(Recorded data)
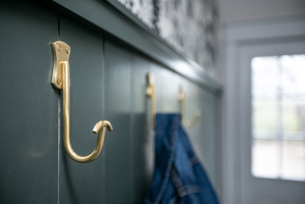 The rear entryway gave us a chance to take a risk. We paneled the walls in vertical planks, painted a deep green to echo the cabinetry found throughout the home. On top, we layered in graphic wallpaper in black and white. The pattern is playful but not precious. This space had to be functional, but we wanted it to feel like part of the design story too.
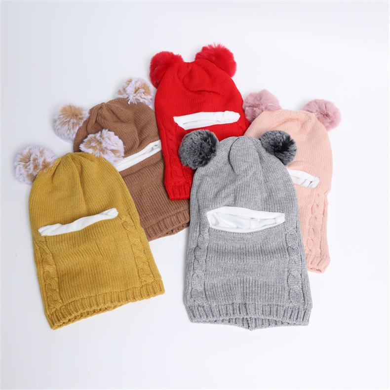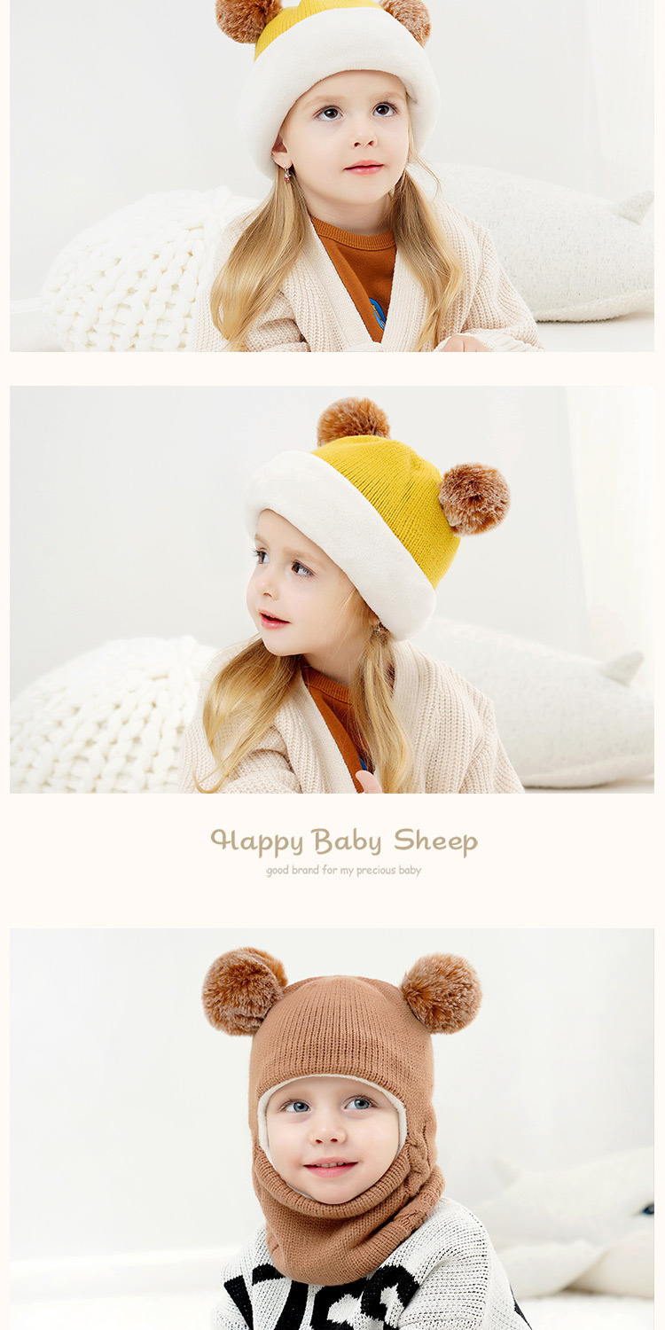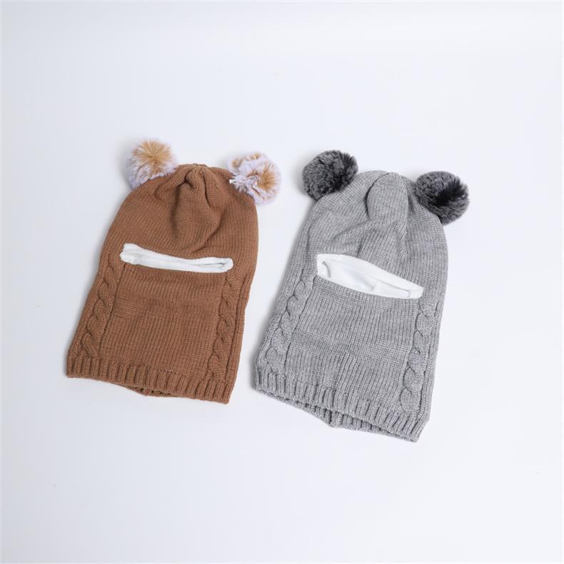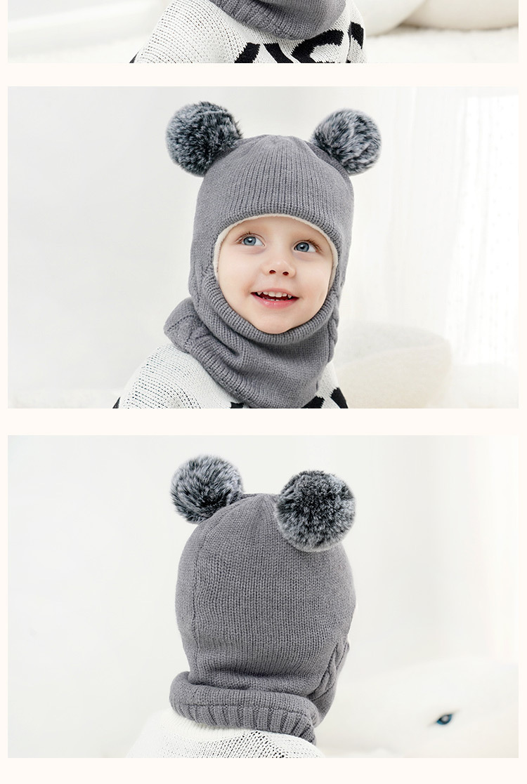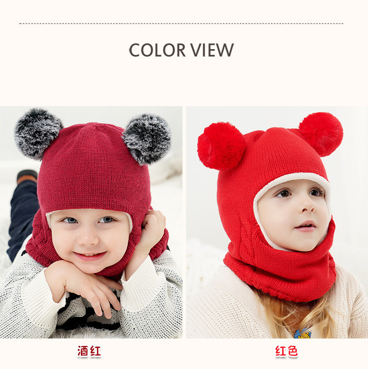 고급 Temu 인기 겨울 어린이 모자와 스카프 일체형 벨벳 귀 보호 후드 아기 니트 어린이
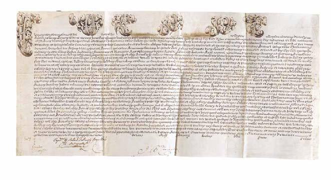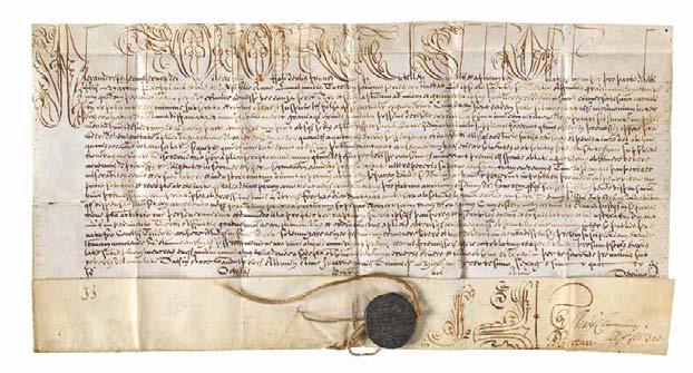 Feuille de parchemin (42 x 27 cm), écrite en latin, à l’encre brune, munie de la bulle de plomb sur cordelette de chanvre ; lettrines & signatures.
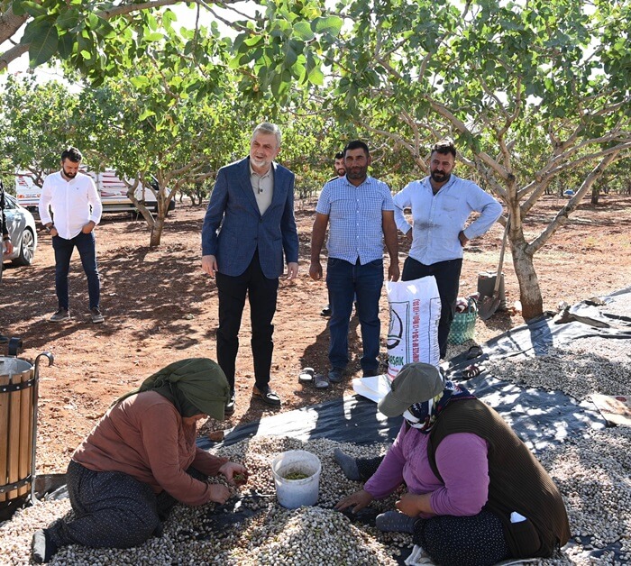 Pazarcık’ta fıstık hasadına katılan Başkan Görgel, “Asırlardır toprağımızda kök salan, çiftçimizin alın teri, şehrimizin rayihasıyla olgunlaşan her bir ürüne sahip çıkmaya devam ediyoruz. Pazarcık Fıstığı da bunlardan bir tanesi. Bunun ulusal ve uluslararası arenada tanıtımı noktasında gerekli adımları atıyoruz. İnşallah Pazarcık Fıstığı da şehrimizin tescilli ürünleri arasındaki yerini alacak” dedi.
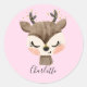 Pegatina redondo clásico de reno rosa pastel dulce, lindo y ondulado, con su propio nombre personalizado.
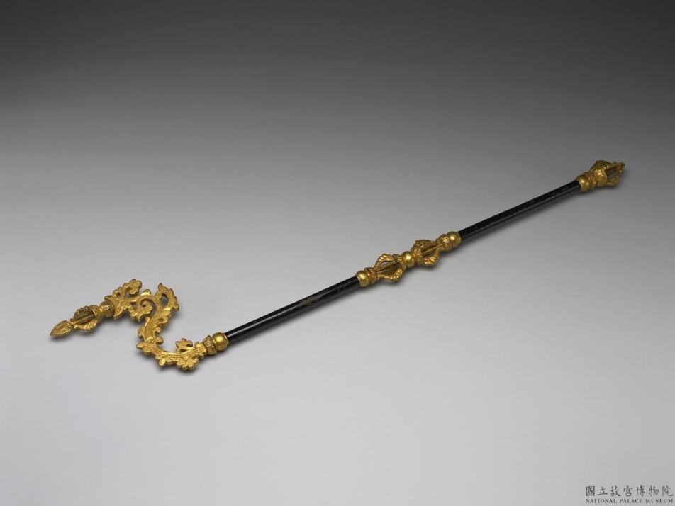清宫作品,十八世纪。长柄幡杖,铁质,杖柄髹黑,以鎏金杵箍束装饰;杖首曲弯作夔凤式,应是仪杖前导者的手持物。
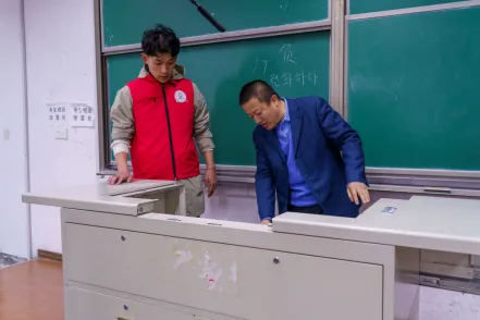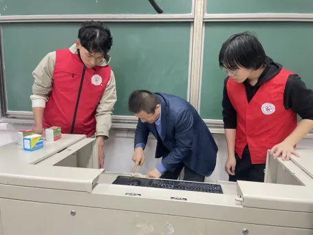 主题教育实践在明德楼302开始,参加师生一起研究讲台及设备清理标准、制定清理步骤和成果验收流程,让每一个志愿者了解志愿服务工作有标准、有流程、有效果。最终大家一致认为黑板、电脑、台面是清理重点,讲台内部的电子设备在确保安全的前提下进行浮尘清理。
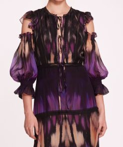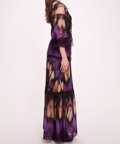 The Abstract Viscose Maxi Dress is a vision of modern sophistication, boasting an abstract print on silk viscose fabric. Its tied front details and ruffled cold shoulder add a contemporary flair, while the tiered body with hem ruffle creates a graceful silhouette. Delicate lace trims and smocked cuffs complete the look.
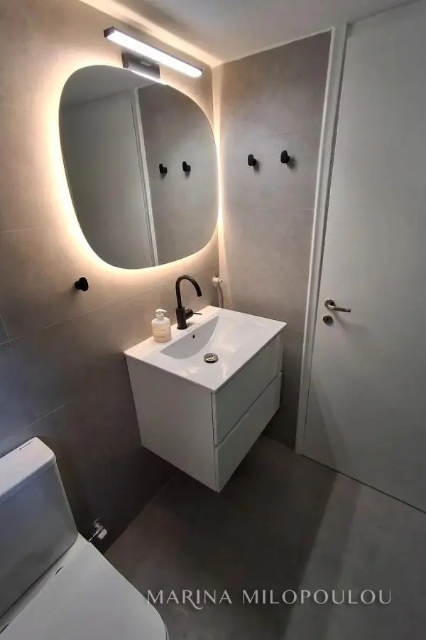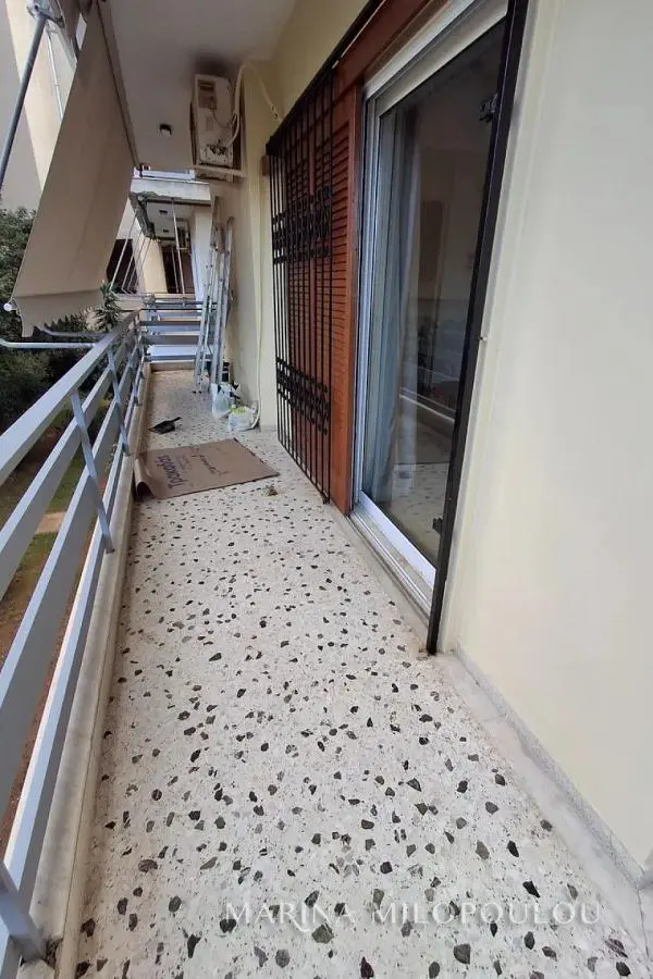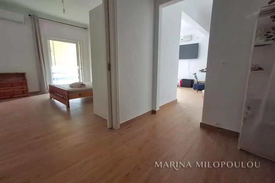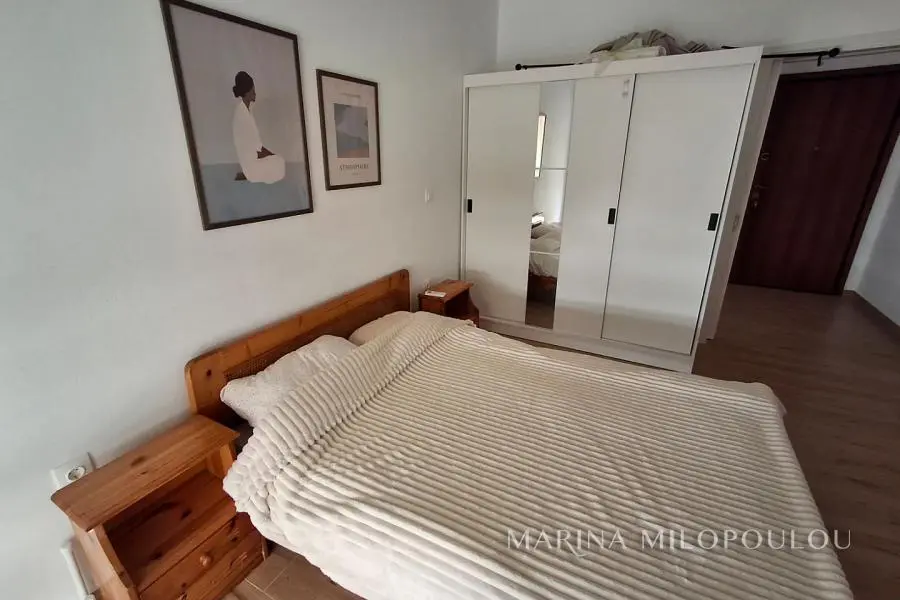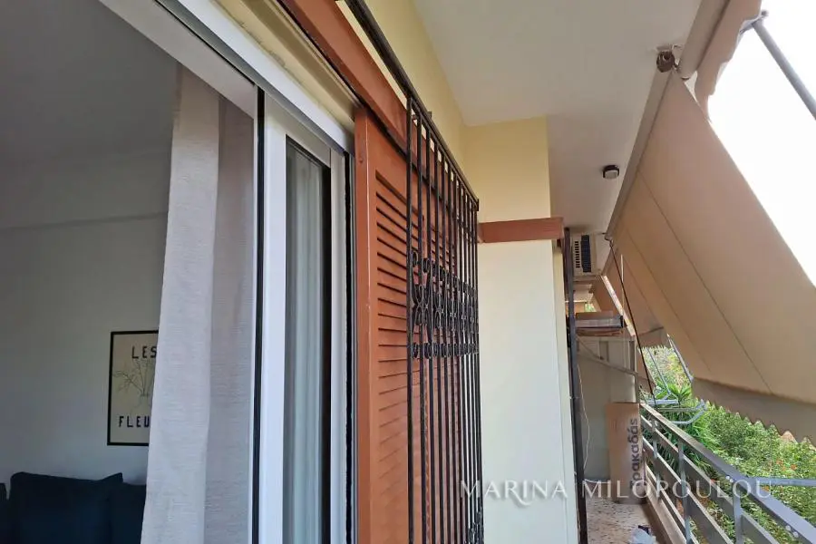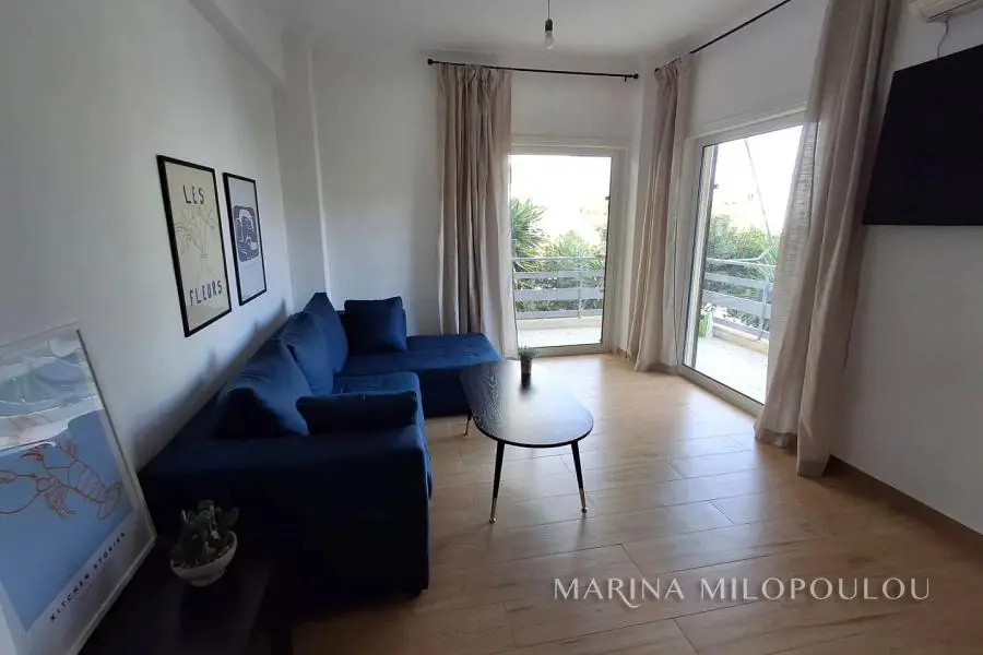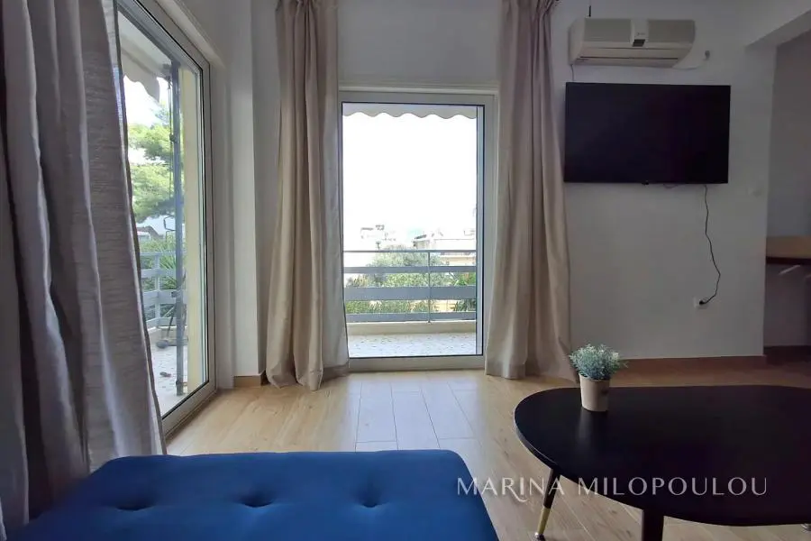 VARKIZA - in a very quiet "green" area, a bright apartment 52sqm on the 1st floor, 630 meters from the sea. It has been renovated in the summer of 2025 and is available furnished or empty. Reception area, open kitchen, 1 comfortable bedroom, 1 bathroom, verandas on 3 sides with views of the gardens. It features a security door with a non-copyable key, aluminum frames with screens and security gates, new awnings, 2 A/Cs for cooling and heating, storage loft above the bathroom, tiled floors, electric water heater. Maintenace approx. 15€/month. It is part of a 3-story building with an elevator, a large piloti, garden and many parking spaces in the public area in front of the building. Distance 700 meters from the center of Varkiza with stores cafes - restaurants, 850 m from the organized sandy beach "Varkiza Resort", 2.2 km from Vouliagmeni and 20 km from the intern airport.

- [Exercise brief]:
Your answer must be an exact copy of every entry, with the pictures left out.

- [Written response]:
 The rear entryway gave us a chance to take a risk. We paneled the walls in vertical planks, painted a deep green to echo the cabinetry found throughout the home. On top, we layered in graphic wallpaper in black and white. The pattern is playful but not precious. This space had to be functional, but we wanted it to feel like part of the design story too.
 고급 Temu 인기 겨울 어린이 모자와 스카프 일체형 벨벳 귀 보호 후드 아기 니트 어린이
 Feuille de parchemin (42 x 27 cm), écrite en latin, à l’encre brune, munie de la bulle de plomb sur cordelette de chanvre ; lettrines & signatures.
 Pazarcık’ta fıstık hasadına katılan Başkan Görgel, “Asırlardır toprağımızda kök salan, çiftçimizin alın teri, şehrimizin rayihasıyla olgunlaşan her bir ürüne sahip çıkmaya devam ediyoruz. Pazarcık Fıstığı da bunlardan bir tanesi. Bunun ulusal ve uluslararası arenada tanıtımı noktasında gerekli adımları atıyoruz. İnşallah Pazarcık Fıstığı da şehrimizin tescilli ürünleri arasındaki yerini alacak” dedi.
 Pegatina redondo clásico de reno rosa pastel dulce, lindo y ondulado, con su propio nombre personalizado.
清宫作品,十八世纪。长柄幡杖,铁质,杖柄髹黑,以鎏金杵箍束装饰;杖首曲弯作夔凤式,应是仪杖前导者的手持物。
 主题教育实践在明德楼302开始,参加师生一起研究讲台及设备清理标准、制定清理步骤和成果验收流程,让每一个志愿者了解志愿服务工作有标准、有流程、有效果。最终大家一致认为黑板、电脑、台面是清理重点,讲台内部的电子设备在确保安全的前提下进行浮尘清理。
 The Abstract Viscose Maxi Dress is a vision of modern sophistication, boasting an abstract print on silk viscose fabric. Its tied front details and ruffled cold shoulder add a contemporary flair, while the tiered body with hem ruffle creates a graceful silhouette. Delicate lace trims and smocked cuffs complete the look.
 VARKIZA - in a very quiet "green" area, a bright apartment 52sqm on the 1st floor, 630 meters from the sea. It has been renovated in the summer of 2025 and is available furnished or empty. Reception area, open kitchen, 1 comfortable bedroom, 1 bathroom, verandas on 3 sides with views of the gardens. It features a security door with a non-copyable key, aluminum frames with screens and security gates, new awnings, 2 A/Cs for cooling and heating, storage loft above the bathroom, tiled floors, electric water heater. Maintenace approx. 15€/month. It is part of a 3-story building with an elevator, a large piloti, garden and many parking spaces in the public area in front of the building. Distance 700 meters from the center of Varkiza with stores cafes - restaurants, 850 m from the organized sandy beach "Varkiza Resort", 2.2 km from Vouliagmeni and 20 km from the intern airport.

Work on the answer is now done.